Blogs > Cliopatria > Private Violence Against Pirates: Already Happening

Apr 22, 2009

Private Violence Against Pirates: Already Happening




Here (with emphasis added) is an article from the November/December 2008 edition of the Journal of International Peace Operations, a magazine for mercenaries:
One such private security company that has teamed up with a brokerage firm to offer security services designed to lower insurance rates in the Gulf of Aden is London based Hart Security. Mike Maloney, an insurance broker involved in the deal confirmed that Hart’s ability to place an armed security team on board a client’s vessel had convinced a number of underwriters to offer preferred rates to ship owners that took advantage of this service. Yet Hart is far from the only British private security company offering anti-piracy services in the Gulf of Aden. London based Maritime & Underwater Security Consultants claimed they are running anti-piracy escorts off of Somalia and a spokesperson for the South Korean shipping firm Hanjin confirmed that they had hired ArmorGroup to provide security for one of their vessels transiting between the Suez and the port of Mombassa.

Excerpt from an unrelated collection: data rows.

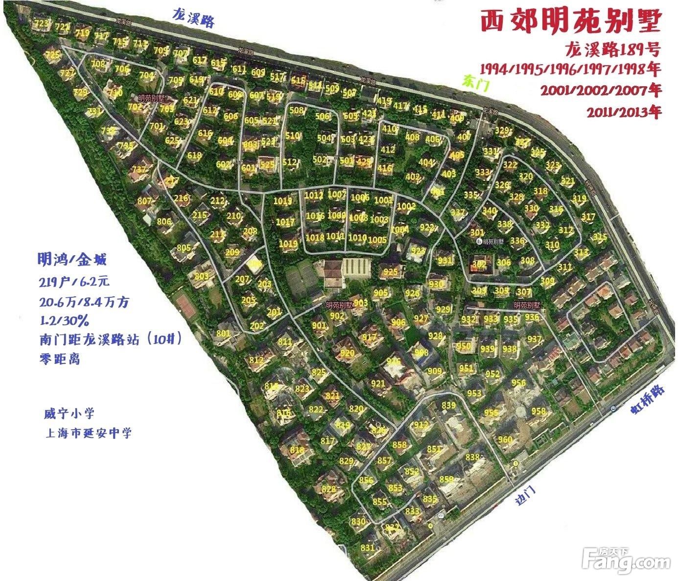 视频是室内外局部,具体室内外详细情况,请联系我带您实地考察吧,感谢您在线上浏览 位置特色:是组团独栋的边套,所以采光与视野与私密性更佳 产证占地:1577.4平, 产证建筑面积1509.07平,地上836㎡地下673㎡ 8房5厅7卫 地上2层加地下一层,,阁楼是赠送的 地下室带泳池,北进门 集中南花园 毛坯, 挑空客厅 公司产权税费各付 验资,就可以申请看房了 一楼:2卧室朝南加公区和一个茶室,4.5米 二楼:6个卧室4个朝南。3.4米 三楼:是开.发.商赠送的面积,高处有3米四周是斜坡造型,可用空间也有300平左右 地下室:4个大房间以及各类功能间,3.9米,泳池16米*5米 === 西郊明苑别墅:龙溪路189号 是长宁区非常著名的高热度别墅小区;附近是鼎鼎大名的檀宫、西郊国宾馆 小区大约建于1993-2013年之间,二十几年来都是长宁区新泾镇【西郊别墅区】每一年均咨询量蕞大并且成交量蕞大的小区 地处虹桥路、虹梅北路,西郊宾馆,小区环境优美,绿树成荫,空气清新,各型别墅错落有致,欧陆风情。 小区成功吸引了东南亚籍很多企业主和各国驻沪机构的外籍人员及国内行业领袖人士的青睐,让客户感到物有所值,彰显尊贵。 小区整个建筑的外观既有欧式轮廓,又不乏东方的细节,环境优美,绿树成荫,空气清新,各型别墅错落有致。 小区一共分四期,一期约1993至1996年、二期约1997至2002年、三期约2007至2013年、四期约2013年。 户型达30余种,入门级产品237平起,面积从237平至2000平; 一期二期都是无地下室,面积段240-372平,户均占地约500平,每户带私家花园,只有16户是带地下室 三期都是带地下室的大户型,户均占地基本1亩起,每户带私家花园 物业:上海高地物业管理有限公司;报修电话021- 物业费:6.2元 绿化率:0.6 总户数:219栋 容积率:0.4 占地面积210000平方米 建筑面积84000平方米 主力户型: A1户型 236.86平 10户 A2户型 240.97平 12户 B1户型 269平 9户 B2户型 272平 8户 B3户型 274.19平 12户 C1户型 304.36平 17户 C2户型 305.86平 7户 C3户型 306.66平 19户 D1户型 325.63平 16户 D2户型 328.5平 5户 E1户型 372.49平 6户 E2户型 373.45平 4户 E3户型 376.12平 1户 F1户型 661.96平 4户 F2户型 731.72平 4户 周边配套齐全、繁华、成熟 小区南门口是地铁10号线龙溪路站;驾车约12分鈡到虹桥机场/虹桥高铁站;附近有虹桥路/延安高架/中环/外环等多条主干交通线环绕。距虹桥机场须开车5分鈡,去中环、延安高架须开车3分鈡 上午9:30早高峰,从【明苑别墅】到新天地、徐家汇、陆家嘴、等各大核心地段的,平均用时约30分鈡
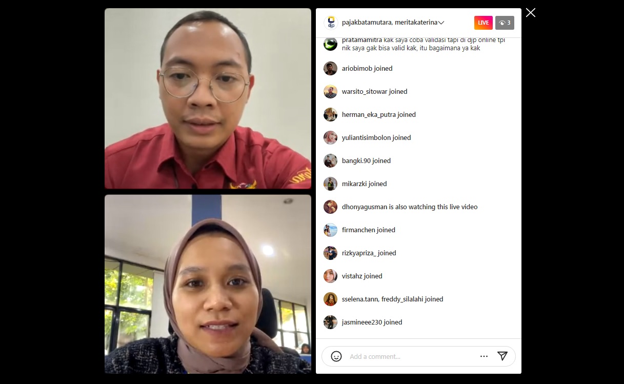 Kantor Pelayanan Pajak (KPP) Pratama Batam Utara kembali memberi edukasi kepada wajib pajak dalam acara Sudut Ngopi 215: Perubahan Format NIK (Nomor Induk Kependudukan) sebagai NPWP (Nomor Pokok Wajib Pajak) melalui live Instagram @pajakbatamutara di Batam, Kepulauan Riau (Kamis, 19/11). Acara dipandu oleh Landung Wicaksana, dengan narasumber Penyuluh Pajak Merita Katrina Sari.
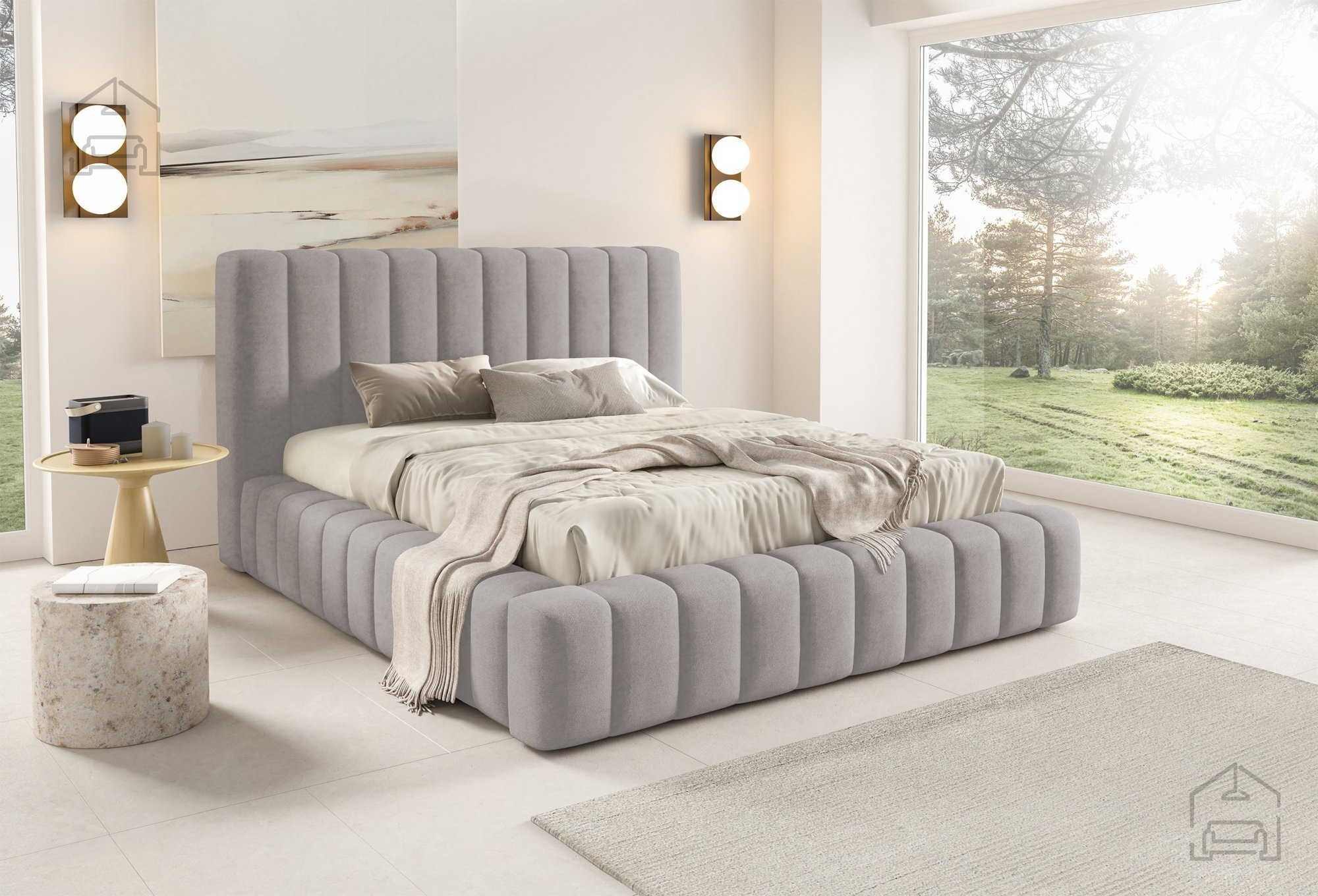 Das Bett Gino (niedriges Kopfteil) ist die ideale Wahl für alle, die modernes Design, hochwertige Verarbeitung und praktische Lösungen für den täglichen Gebrauch kombinieren möchten. Mit der Möglichkeit, verschiedene Größen und Materialien zu wählen, bietet es ein perfektes Gleichgewicht zwischen Ästhetik und Funktionalität und bewahrt gleichzeitig das Gefühl von Geräumigkeit und Ordnung in jedem Schlafzimmer.
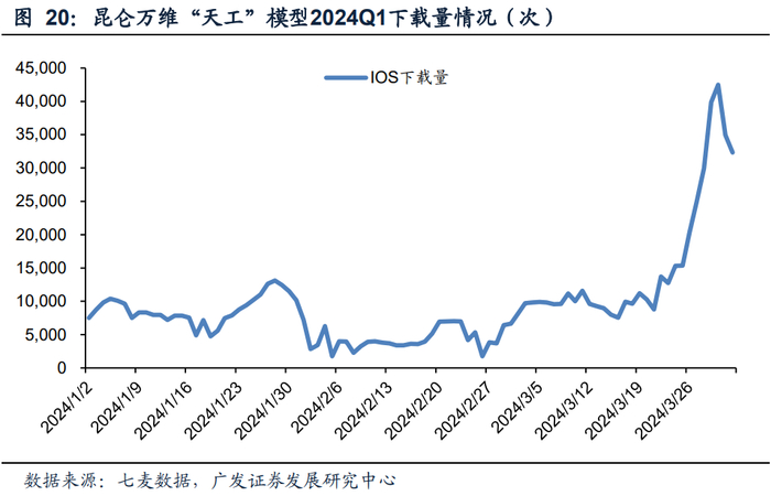 国内模型持续跟进,有望成为率先突破赛道。音乐领域国内模型及应用跟进迅速。2023年4月17日,昆仑万维与奇点智源联合发布的大语言模型“天工”正式发布,据昆仑万维官方微信,“天工”是国内首个对标ChatGPT的双千亿级大语言模型,可满足文案创作、知识问答、代码编程、逻辑推演、数理推算等需求。2023年8月23日,昆仑万维推出国内第一款AI搜索产品“天工AI搜索”。据公司公众号显示,该功能深度融合AI大模型能力,通过人性化、智能化的方式全面提升用户的搜索体验,为用户提供快速、可靠的交互式搜索服务。整体而言,在模型领域,“天工”整体功能迭代迅速。在下载量方面,根据七麦数据,24Q1,“天工”下载量超87万次,近7日日均下载量超3.2万次。
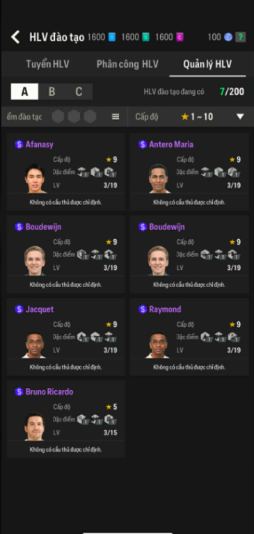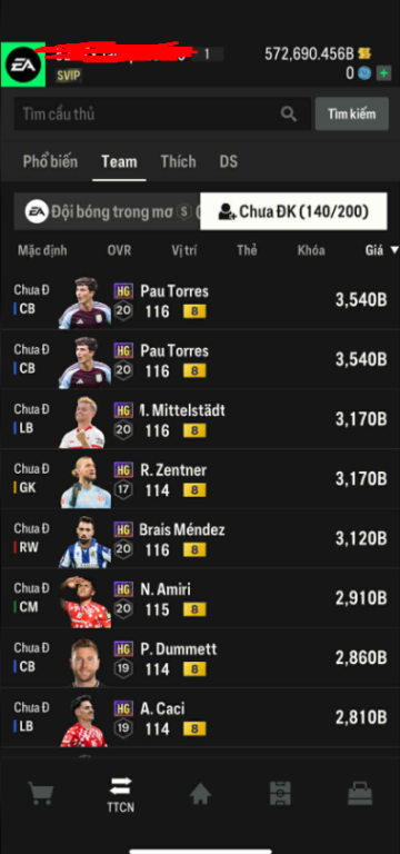 List Cầu Thủ
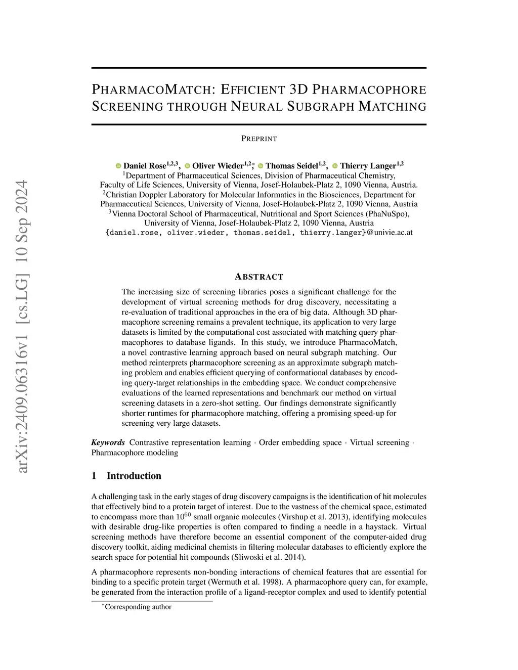 The increasing size of screening libraries poses a significant challenge for the development of virtual screening methods for drug discovery, necessitating a re-evaluation of traditional approaches in the era of big data. Although 3D pharmacophore screening remains a prevalent technique, its application to very large datasets is limited by the computational cost associated with matching query pharmacophores to database molecules. In this study, we introduce PharmacoMatch, a novel contrastive learning approach based on neural subgraph matching. Our method reinterprets pharmacophore screening as an approximate subgraph matching problem and enables efficient querying of conformational databases by encoding query-target relationships in the embedding space. We conduct comprehensive investigations of the learned representations and evaluate PharmacoMatch as pre-screening tool in a zero-shot setting. We demonstrate significantly shorter runtimes and comparable performance metrics to existing solutions, providing a promising speed-up for screening very large datasets.
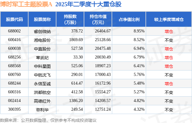 根据2025基金半年报公募基金重仓股数据,重仓该股的公募基金共2家,其中持有数量最多的公募基金为博时基金的博时军工主题股票A。博时军工主题股票A目前规模为25.25亿元,最新净值1.94(9月25日),较上一交易日下跌1.27%,近一年上涨75.09%。该公募基金现任基金经理为曾鹏。曾鹏在任的基金产品包括:博时新兴成长混合,管理时间为2013年1月18日至今,期间收益率为216.5%;博时特许价值混合A,管理时间为2018年6月21日至今,期间收益率为276.17%;博时沪港深优质企业基金A,管理时间为2021年1月20日至今,期间收益率为-3.58%;

Last week, Blackwater Worldwide also announced an anti-piracy service for ships transiting the Gulf of Aden. Perhaps unsurprisingly, they have taken a slightly more proactive approach to the piracy problem. Tom Ridenour, the director of maritime security services for the private security company Blackwater Worldwide, said that while putting a security team on board a client’s vessel may be part of the solution, this technique should also be supplemented with broader defensive security measures. “Ideally, an on-board security team would also be supplemented with a mobile private security force placed on small and fast interceptor vessels that could impose itself between the client's ship and the attacking pirates before they could pose a threat to the crew." The fact that Blackwater announced that their McArthur is ready to deploy—a refitted and modified 183 foot ship that comes equipped with precisely this kind of interceptor rigid inflatable boats as well as a helicopter—speaks to the kind of ‘standoff’ security concept this security firm plans to offer potential clients.
ADDED LATER: Also see the April 20 edition of Blackwater/Xe's Tactical Weekly.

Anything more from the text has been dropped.